═════ COLLECTED DATA ═════

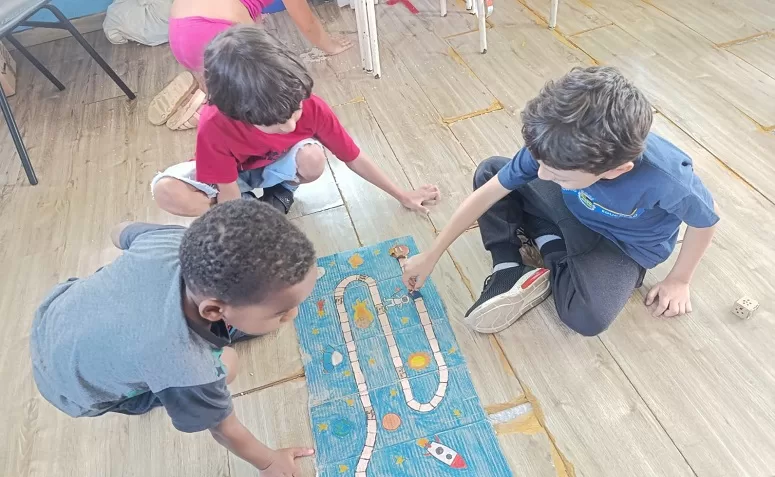 Na CMEI, a professora organizou uma dinâmica com sua turma: enquanto as crianças sugeriam brincadeiras com cada letra do alfabeto, a educadora pensava maneiras de integrá-las à BNCC (Base Nacional Comum Curricular). Foi assim que o “A” virou amarelinha, ensinando contagem, localização espacial e formas geométricas. O “B” trouxe o Banco Imobiliário, que abriu espaço para práticas de contagem e noções de organização.
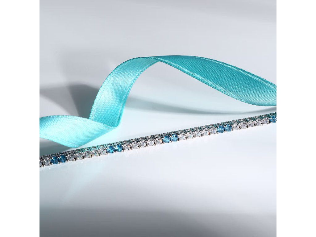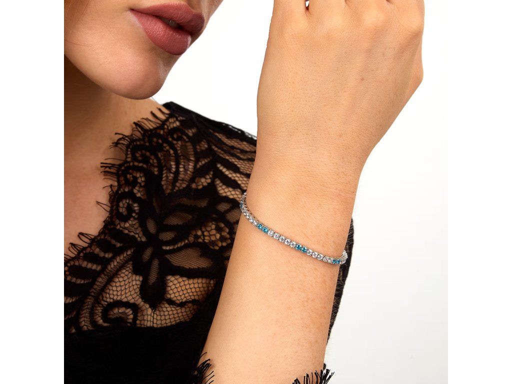 Jeho moderní a výrazný design je podtržen použitím udržitelného stříbra, které spojuje etický přístup s estetikou. Stříbrný odstín se harmonicky doplňuje se zářivými modrými a bílými zirkony. Ty jsou precizně zasazeny do struktury náramku a dodávají mu luxusní a současný charakter.
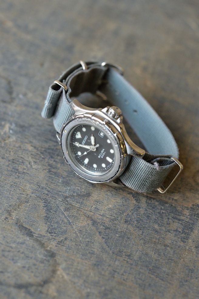 The aged gray 18mm NATO strap adds a touch of texture to this robust watch, making it a perfect match for denim and other styles.
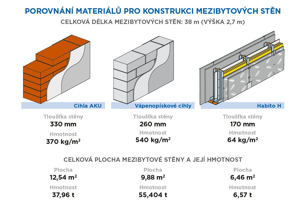 Pro ilustraci se můžete podívat na příklad vzorového podlaží bytového domu se čtyřmi bytovými jednotkami s celkovou délkou mezibytových stěn 38 m. Úspora s Habito H je až 6,08 m2 (1,52 m2/byt). Pokud bychom sádrokarton využili i na konstrukci vnitřních příček, mohli bychom získat ještě více užitné plochy.

═════

» **TASK DESCRIPTION**
Repeat the listing in full and exactly. Do not include any images.

» **WRITTEN ANSWER**
 Na CMEI, a professora organizou uma dinâmica com sua turma: enquanto as crianças sugeriam brincadeiras com cada letra do alfabeto, a educadora pensava maneiras de integrá-las à BNCC (Base Nacional Comum Curricular). Foi assim que o “A” virou amarelinha, ensinando contagem, localização espacial e formas geométricas. O “B” trouxe o Banco Imobiliário, que abriu espaço para práticas de contagem e noções de organização.
 Jeho moderní a výrazný design je podtržen použitím udržitelného stříbra, které spojuje etický přístup s estetikou. Stříbrný odstín se harmonicky doplňuje se zářivými modrými a bílými zirkony. Ty jsou precizně zasazeny do struktury náramku a dodávají mu luxusní a současný charakter.
 The aged gray 18mm NATO strap adds a touch of texture to this robust watch, making it a perfect match for denim and other styles.
 Pro ilustraci se můžete podívat na příklad vzorového podlaží bytového domu se čtyřmi bytovými jednotkami s celkovou délkou mezibytových stěn 38 m. Úspora s Habito H je až 6,08 m2 (1,52 m2/byt). Pokud bychom sádrokarton využili i na konstrukci vnitřních příček, mohli bychom získat ještě více užitné plochy.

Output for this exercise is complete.